Emocji nie było natomiast w Lublinie. Piłkarki ręczne SPR-u z zaliczką dziewięciu bramek przystąpiły do środowego pojedynku z KSS Kielce. Po 10 minutach gry podopieczne Edwarda Jankowskiego prowadziły 11:2 i pewne się stało, że wicemistrzyniom Polski nikt już nie dobierze awansu do Final Four. Lublinianki do szatni zeszły prowadząc 23:13. W drugiej połowie SPR pewnie kontrolował wynik spotkania i odniósł efektowne zwycięstwo 39:28.

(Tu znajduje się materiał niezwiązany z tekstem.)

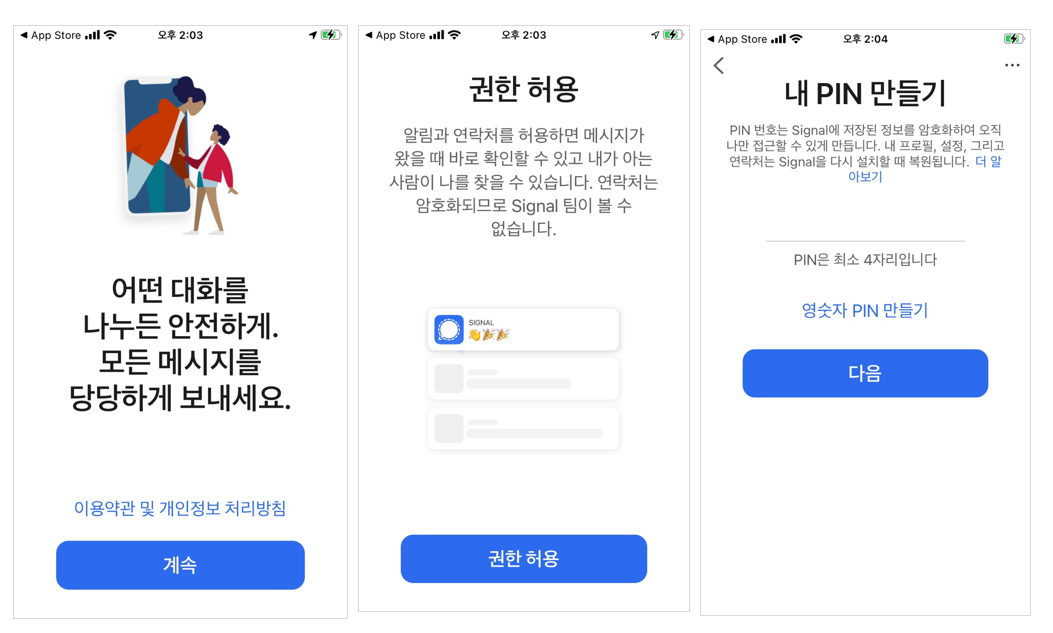메신저 '시그널 '화면입니다. 탈중앙화이므로 프라이버시 침해가 없고, 통제가 없는 것이 특징입니다.

W środę ze zwycięstwa i awansu do Final Four cieszyły się również szczypiornistki MKS Piotrcovii Piotrków Tryb. Zespół prowadzony przez Stanisława Mijasa w pierwszym meczu pokonał AZS AWF Gardinię Wrocław różnicą pięciu bramek - 29:24. Niemal identycznym rezultatem zakończyło się środowe spotkanie, tym razem jednak wrocławianki zdobyły o jedną bramkę mniej. Mecz nie dostarczył większych emocji, Piotrcovia cały czas utrzymywała skromne prowadzenie, a w końcówce "odjechała" rywalkom na sześć bramek - 29:23.
We wtorek awans do Final Four wywalczyły szczypiornistki Vistalu Łączpolu Gdynia, które ponownie okazały się lepsze od Ruchu Chorzów.
AZS Politechnika Koszalińska - KGHM Metraco Zagłębie Lubin 33:26 (16:12)
MKS Piotrcovia Piotrków Tryb. - AZS AWF Gardinia Wrocław 29:23 (14:14)
SPR Lublin - KSS Kielce 39:28 (23:13)
Vistal Łączpol Gdynia - KPR Ruch Chorzów 34:29 (20:14)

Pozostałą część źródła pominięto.